Speech Enabled Knowledge Bases

Tuesday, April 24th, 2007

Two articles and a product showcase recently demonstrated speech-enabled knowledge base solutions. In essence products/solutions such as this are expert systems with various degrees of complexity, ranging from speaking manuals to complex diagnosis systems. Users can describe a problem and ultimately receive an answer, whether through complex one-shot natural language processing/understanding or a plain-old, multi-step directed dialogue.
Alongside traditional call-center automation applications – e.g. customer service, process automation, pre-qualification, directory assistance – these systems represent a minor market segment. However they are relatively novel, so much can still happen. Especially in medical/health care domains, the market appears untapped and the list of potential applications broad.

Web 3.0 and Natural Language Processing

Monday, April 9th, 2007

Web 3.0 is getting some buzz in the blogosphere. Like Web 2.0, it begs the question that PCMag.com recently ran by its readers: what is it? However this time around things seems a bit easier.
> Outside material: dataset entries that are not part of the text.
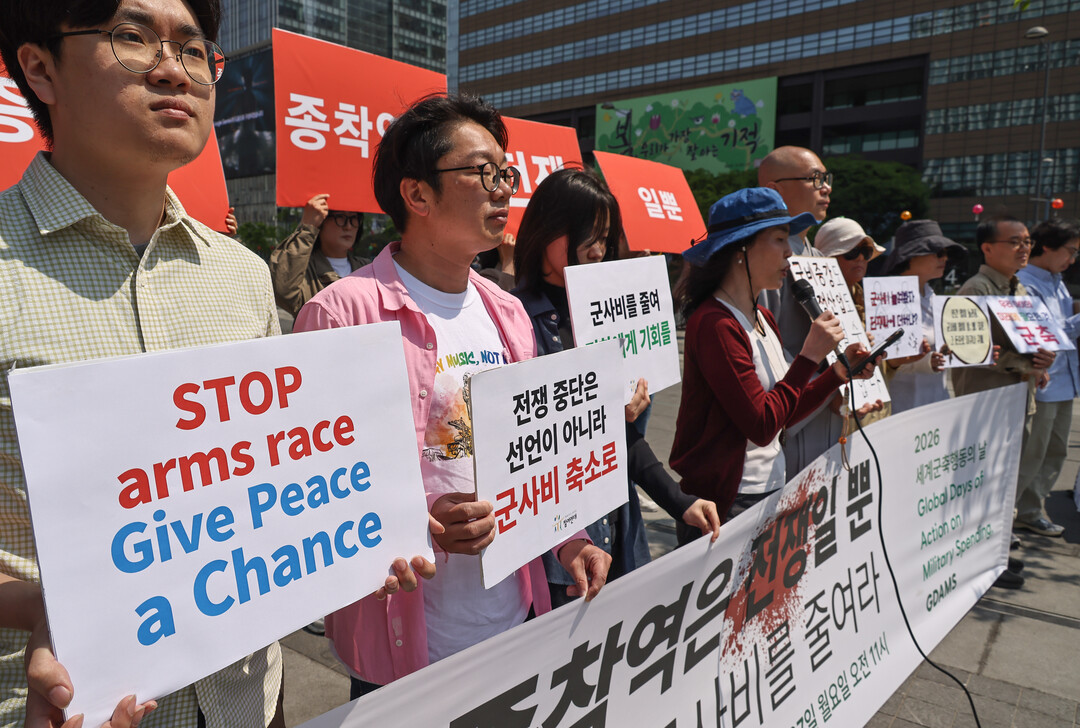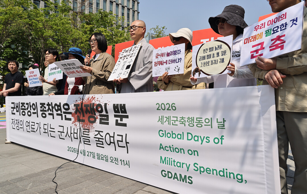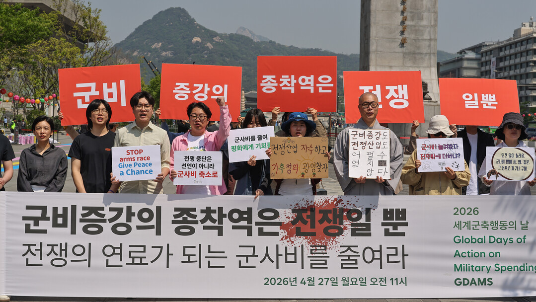 2026 세계군축행동의 날(Global Days of Action on Military Spending, GDAMS)을 맞아 27일 오전 서울 종로구 광화문광장에서 시민사회단체들이 <군비증강의 종착역은 전쟁일 뿐 – 전쟁의 연료가 되는 군사비를 줄여라>를 주제로 기자회견을 열었다.
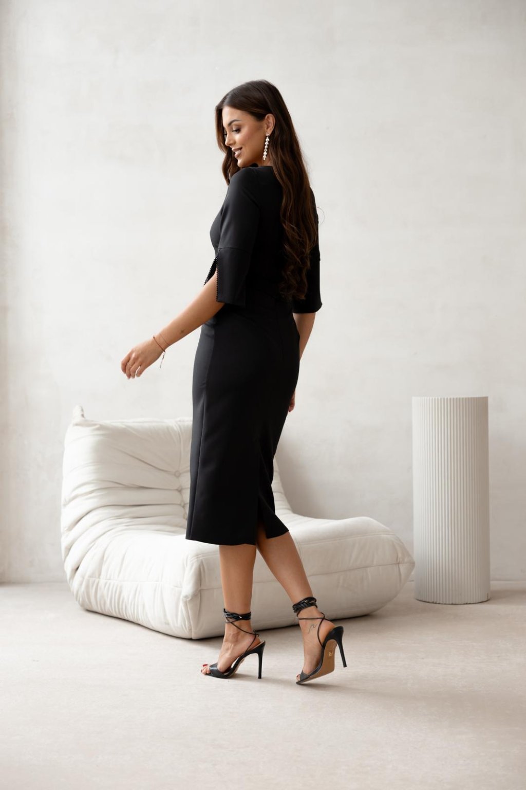 Stavte na jednoduchosť a štýl. Tieto jedinečné šaty sú stvorené na množstvo príležitostí. Sú hladké a elegantné a vďaka kamienkom na opasku a rukávoch sú neprehliadnuteľné. Na prsiach nie sú vystužené. Sukňa je priliehavá a má vzadu rázporok. Zapínajú sa zozadu na zips.
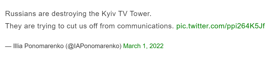 基辅市长克里契科(Vitali Klitschko)指出,电视塔遭到两枚火箭攻击,造成附近5名行人丧生,由于俄罗斯扬言对基辅发动攻击,他也呼吁居民不要待在街上。基辅市紧急服务单位在网路分享的视频显示,率先赶抵现场的应急人员走过掉落的电力线,试图扑灭电视塔下建筑物瓦砾堆中的大火。
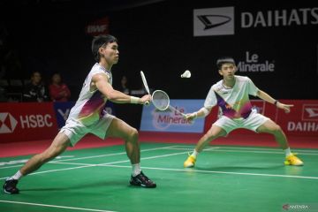 Pebulu tangkis ganda putra Indonesia Nikolaus Joaquin (kanan) dan Raymond Indra (kiri) bereaksi usai meraih poin dari lawan sesama Indonesia, Sabar Karyaman Gutama/Moh Reza Pahlevi Isfahani pada babak semi final Daihatsu Indonesia Masters 2026 di Istora Senayan, Jakarta, Sabtu (24/1/2026). Raymond dan Joaquin melaju ke babak final usai menang dua gim 21-19 dan 21-14. ANTARA FOTO/Aditya Pradana Putra/wsj.

Web 2.0 seems to be happy with being vaguely defined (delimited may be a better term) and equally a social and a technological movement. Web 3.0 clearly hovers over the idea of the “Semantic Web”, a term coined by Tim Berners-Lee, in which richly mark-upped hypertext and data allow for novel more meaningful human-machine and machine-machine communication. Radar Networks (currently in stealth mode) claim to be driving some interesting developments in this direction and are followed closely by those interested.
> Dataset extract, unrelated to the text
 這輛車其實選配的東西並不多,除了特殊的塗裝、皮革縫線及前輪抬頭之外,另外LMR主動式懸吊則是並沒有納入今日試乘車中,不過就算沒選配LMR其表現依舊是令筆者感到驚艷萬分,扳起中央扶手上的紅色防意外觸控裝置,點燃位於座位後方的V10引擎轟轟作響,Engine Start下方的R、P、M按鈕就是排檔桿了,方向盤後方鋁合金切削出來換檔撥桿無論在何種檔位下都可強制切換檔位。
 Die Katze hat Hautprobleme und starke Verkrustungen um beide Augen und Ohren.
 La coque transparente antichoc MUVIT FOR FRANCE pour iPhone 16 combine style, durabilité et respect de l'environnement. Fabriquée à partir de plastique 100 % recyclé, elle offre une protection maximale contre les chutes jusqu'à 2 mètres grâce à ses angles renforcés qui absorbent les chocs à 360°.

This has already raised some questions: will content be expensive hand labor or machine boot-strappable, what new privacy policies do we have to live with, how does one separate style and content, what are alternatives to RDF.

Sadly, there’s very little inspiring out there about potential applications.

My question (though not uniquely mine) to add to this: What role will natural language processing play in this (i.e. how “semantic” is this talk of Semantics)? Semantic content in RDF appears to be little more than a means for one machine to tell another who authored a particular book or what are the postal codes in the greater Boston area. Semantics to me is as much about intentions (“Why is web-service A dispensing such information?”) and interpreting such information for the purposes of action (“What can web-service B – or my browser or I – do with it?”).

Perhaps this misses the mark and semantic really isn’t about natural language. But there is a weaker, more real form of this “language and technology” concern: Insofar as semantics is just information, can it be bootstrapped by a machine (perhaps even linguistically informed rather than statistically)?

Thoughts?

Three Observations about Recent Language Technology News

Wednesday, March 28th, 2007

To start us off, recent experience has shown three things:

  1. Speech (i.e. voice) related news is TTS-dominated, less so by ASR.
  2. The company featured most frequently in the news is Nuance.
  3. The talk of semantic search engines seems to dominate the NLP news.

The success of TTS is largely due to requirements set by mobile and in-car technologies, especially GPS and communications. The future of ASR in the other hand seems to depend on the dictation market (especially in the healthcare sector) and a growing relevance of network ASR (driven by advancing VoIP, impact of multi-modal applications).

Nuance’s continued position will depend on the role of “super players” IBM and Microsoft and to a lesser degree the role of open-source initiatives, especially on the network/telephony side.

Semantic search engines recently got some media hype with “Google-Killer” Powerset, a PARC offspring. While in its infancy, some believe this development towards semantic web will usher in a Web3.0 revolution. Of course, soem others believe this has already begun, while yet more just wanna see what happens with all this.

Let’s see how these trends develop. Especially multi-modality and semantic searches will be issues to follow closely.